• [Exercise objective]
Only the lines from the one bearing "1月9日,科创医药ETF嘉实" through the end of the entries should be output, exactly as they stand, and pictures should be skipped.

** Opening Data to process block **

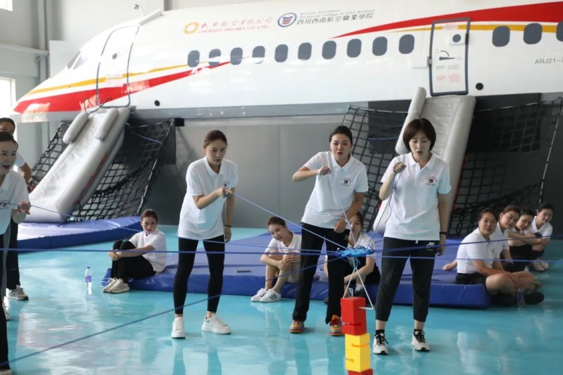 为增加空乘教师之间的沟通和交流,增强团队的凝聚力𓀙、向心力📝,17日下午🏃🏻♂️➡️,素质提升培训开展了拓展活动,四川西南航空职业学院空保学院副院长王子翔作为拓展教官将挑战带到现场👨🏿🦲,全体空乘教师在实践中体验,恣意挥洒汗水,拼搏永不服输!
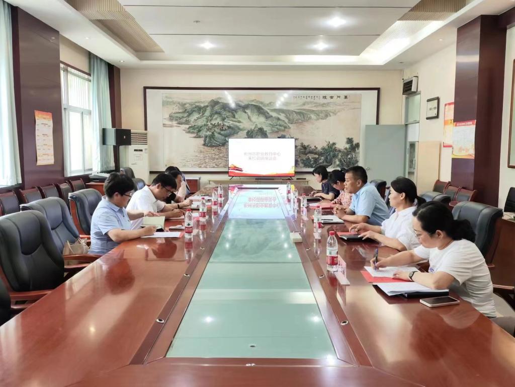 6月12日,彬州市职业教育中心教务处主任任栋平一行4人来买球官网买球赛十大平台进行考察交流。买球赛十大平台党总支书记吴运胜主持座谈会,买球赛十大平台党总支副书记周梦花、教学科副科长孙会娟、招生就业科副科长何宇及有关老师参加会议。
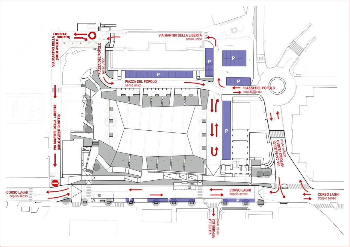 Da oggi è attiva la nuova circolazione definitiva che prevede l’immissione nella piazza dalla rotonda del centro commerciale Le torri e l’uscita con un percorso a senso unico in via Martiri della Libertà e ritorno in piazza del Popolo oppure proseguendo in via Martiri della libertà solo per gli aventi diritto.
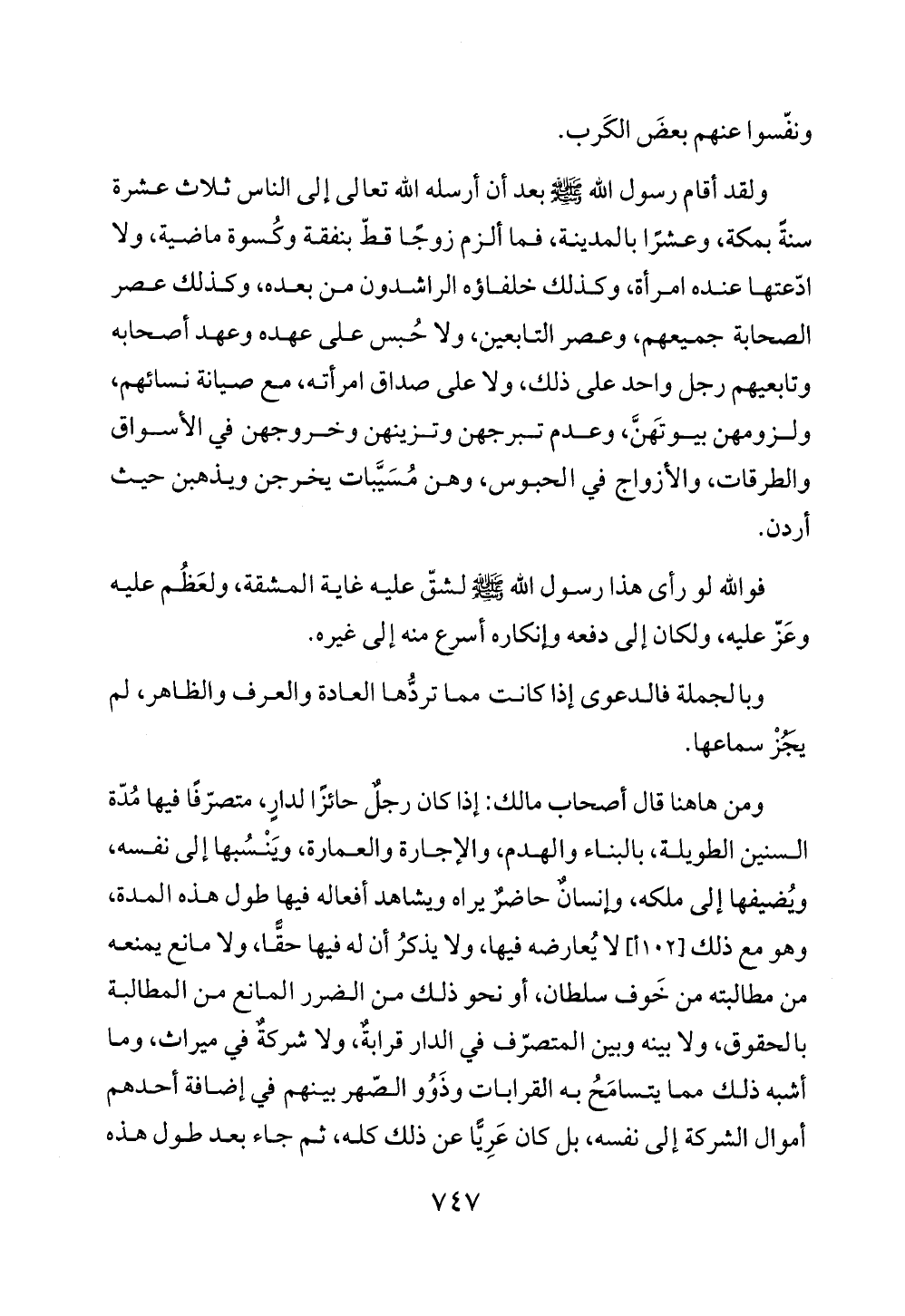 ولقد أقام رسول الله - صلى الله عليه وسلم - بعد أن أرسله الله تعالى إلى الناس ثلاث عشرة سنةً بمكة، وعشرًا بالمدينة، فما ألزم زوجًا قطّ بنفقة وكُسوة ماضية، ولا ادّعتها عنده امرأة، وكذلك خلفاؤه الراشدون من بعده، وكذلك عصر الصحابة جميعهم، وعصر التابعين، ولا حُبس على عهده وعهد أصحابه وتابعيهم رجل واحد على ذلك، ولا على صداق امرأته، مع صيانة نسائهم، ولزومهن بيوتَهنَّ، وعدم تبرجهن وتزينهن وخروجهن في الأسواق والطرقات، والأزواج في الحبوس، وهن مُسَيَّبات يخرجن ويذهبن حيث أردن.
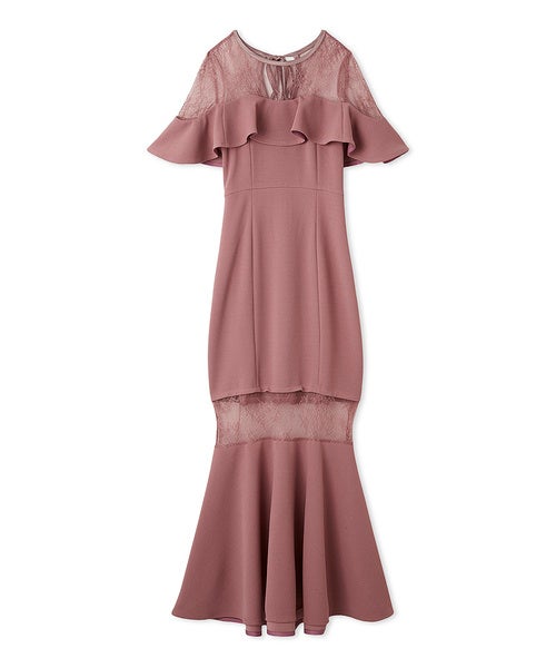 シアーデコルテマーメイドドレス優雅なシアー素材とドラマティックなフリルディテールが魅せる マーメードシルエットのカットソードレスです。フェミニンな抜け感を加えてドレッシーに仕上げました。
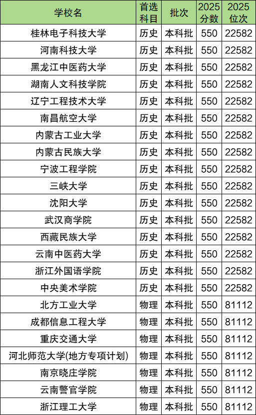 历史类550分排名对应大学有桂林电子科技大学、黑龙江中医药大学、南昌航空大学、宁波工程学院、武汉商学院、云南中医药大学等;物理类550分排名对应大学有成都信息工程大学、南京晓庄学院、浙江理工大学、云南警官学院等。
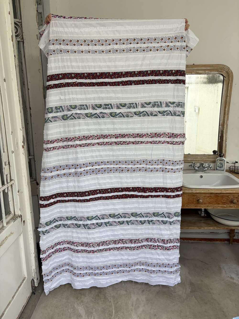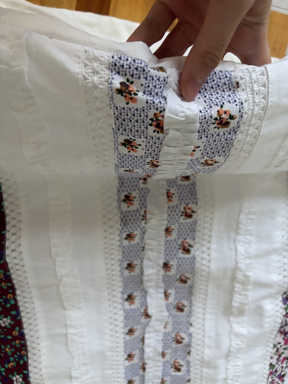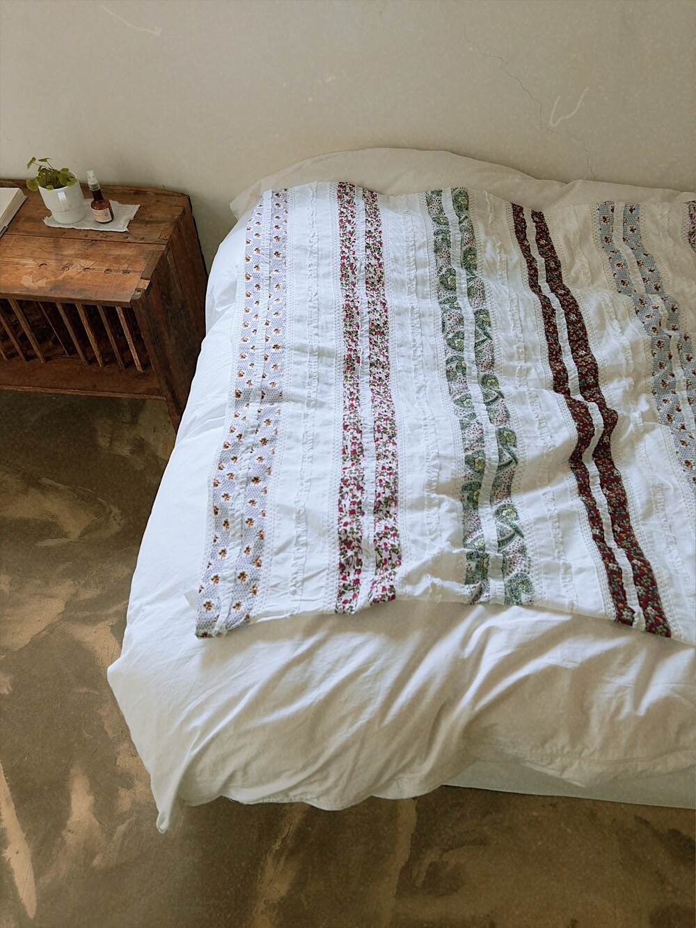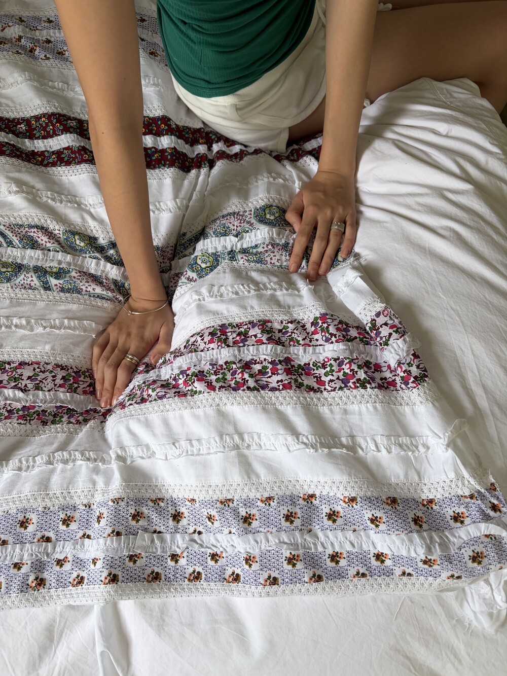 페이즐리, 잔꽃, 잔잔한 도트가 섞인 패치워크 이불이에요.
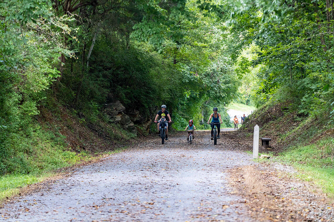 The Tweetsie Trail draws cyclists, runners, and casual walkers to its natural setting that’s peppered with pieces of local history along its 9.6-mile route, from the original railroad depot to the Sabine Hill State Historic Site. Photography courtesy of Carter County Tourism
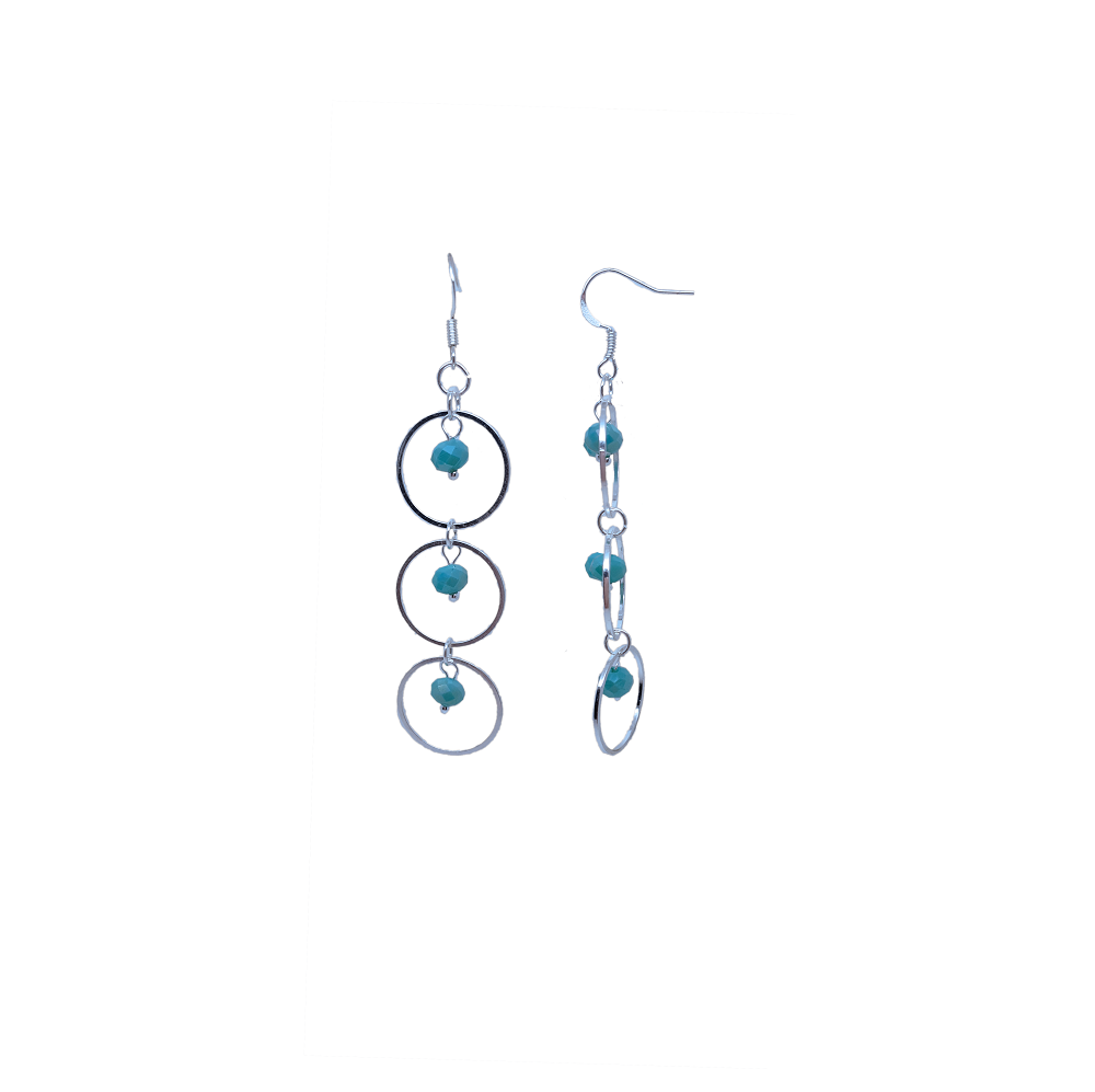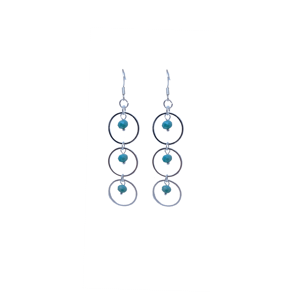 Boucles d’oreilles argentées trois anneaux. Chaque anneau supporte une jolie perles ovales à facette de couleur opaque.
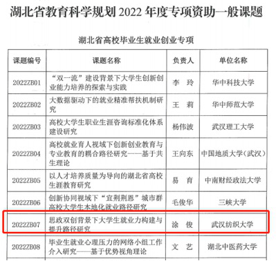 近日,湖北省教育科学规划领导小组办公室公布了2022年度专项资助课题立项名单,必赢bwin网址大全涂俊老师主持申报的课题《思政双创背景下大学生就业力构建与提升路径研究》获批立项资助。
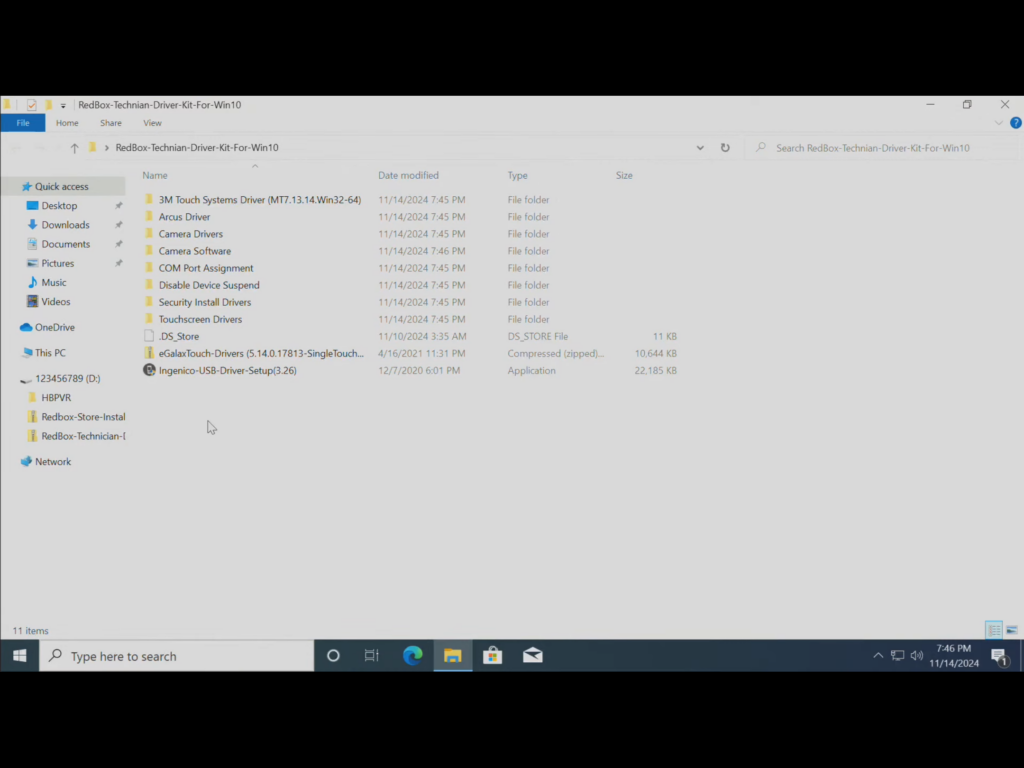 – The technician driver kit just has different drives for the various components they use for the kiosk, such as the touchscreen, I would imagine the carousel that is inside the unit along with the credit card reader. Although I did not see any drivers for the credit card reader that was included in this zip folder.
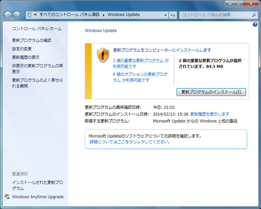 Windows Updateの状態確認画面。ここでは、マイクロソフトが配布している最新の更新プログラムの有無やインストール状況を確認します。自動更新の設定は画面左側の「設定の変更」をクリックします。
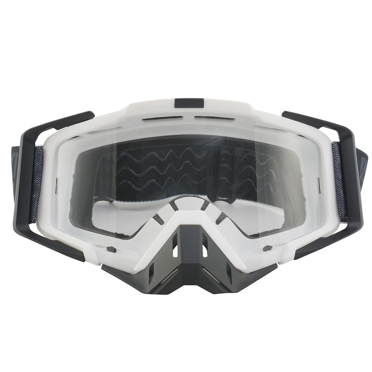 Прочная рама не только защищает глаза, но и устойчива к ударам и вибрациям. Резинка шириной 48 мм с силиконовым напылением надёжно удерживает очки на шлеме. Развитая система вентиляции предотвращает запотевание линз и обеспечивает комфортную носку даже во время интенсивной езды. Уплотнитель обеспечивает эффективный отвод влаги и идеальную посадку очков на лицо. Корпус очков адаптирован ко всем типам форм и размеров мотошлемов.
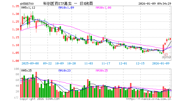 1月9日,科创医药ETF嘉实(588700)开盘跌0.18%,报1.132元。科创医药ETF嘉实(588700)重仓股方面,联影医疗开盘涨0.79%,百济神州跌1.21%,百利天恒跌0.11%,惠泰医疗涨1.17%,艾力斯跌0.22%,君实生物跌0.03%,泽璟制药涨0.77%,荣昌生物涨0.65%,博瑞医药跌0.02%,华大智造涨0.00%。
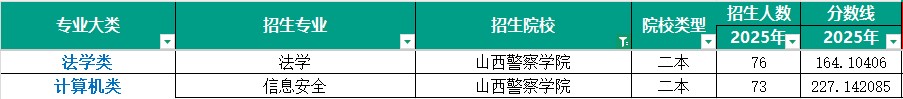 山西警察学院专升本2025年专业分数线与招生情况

** Closing Data to process block **

• [Solution to this task]
 1月9日,科创医药ETF嘉实(588700)开盘跌0.18%,报1.132元。科创医药ETF嘉实(588700)重仓股方面,联影医疗开盘涨0.79%,百济神州跌1.21%,百利天恒跌0.11%,惠泰医疗涨1.17%,艾力斯跌0.22%,君实生物跌0.03%,泽璟制药涨0.77%,荣昌生物涨0.65%,博瑞医药跌0.02%,华大智造涨0.00%。
 山西警察学院专升本2025年专业分数线与招生情况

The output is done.